The other link is using an additional number which is simply '0' which
is also pointing to the full name.
This means these two links can only exist one time, but we can have
multiple full named libraries installed, the trick is the symlinking
here to point to the the most recent version normally.

Going back to the second link (libngspice.so.0 -> libngspice.so.0.0.0).
You might already see what this '0' means here, it's the number of
'Current' or also known as the API version.

Greater means breaking (non backward compatible) changes as also the API
has changed by this. This is happen e.g. if the maintainer has removed
symbols from the library for hopefully good reasons.

Now we are already by the compatibility of a library.

A library is backwards compatible if in a newer version all existing
symbols are still available and the behavior of the symbols doesn't have
changed. By this all old and existing applications can also use a newer
library version. And this is visible by the link of libngspice.so.0, the
number '0' means here exactly this.

What's if the maintainer has just done bug fixing or improved the
performance of the library? No new symbols were added and no existing
symbols have been modified or removed!
For this the new version needs to increase the revision.

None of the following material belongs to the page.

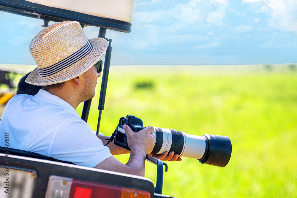 Fototapeta The man photographer takes a picture from touristic vehicle on tropical safari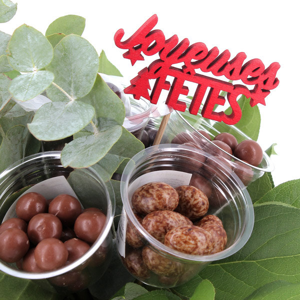 Bouquet composé de 7 paniers contenant différents chocolats variés (billes de céréales et amandes enrobées de chocolat), accompagné de feuillage et d'un pic rouge Joyeuse Fêtes.

We would move
on from

libngspice.so.0.0.0   to    libngspice.so.0.0.1 (and so on)

And now the new library has become some new symbols, all existing
symbols stays the same as before.

Now the age needs to get increased and the revision falls back to 0. For
libngspice this would look like this.

libngspice.so.0.0.1   will go to    libngspice.so.0.1.0

And now the most intrusive thing that can happen, the new library has at
least one of there symbols removed. Remember, the library isn't
backwards compatible any longer! The API version has changed!
Current will get increased and revison and also age will get reset to '0'.

libngspice.so.0.1.0   will go to    libngspice.so.1.0.0

And libtool will create a new link named libngspice.so.1 pointing to the
new full named file.

If you doing this for the first time it's all a bit confusing as you can
see this all has nothing  to do with semver. But once you have
understand the idea it's quite obvious what needs to be done.

PS: I'm far away from being an expert in such things! Forgive me if
somethings isn't fully correct explained.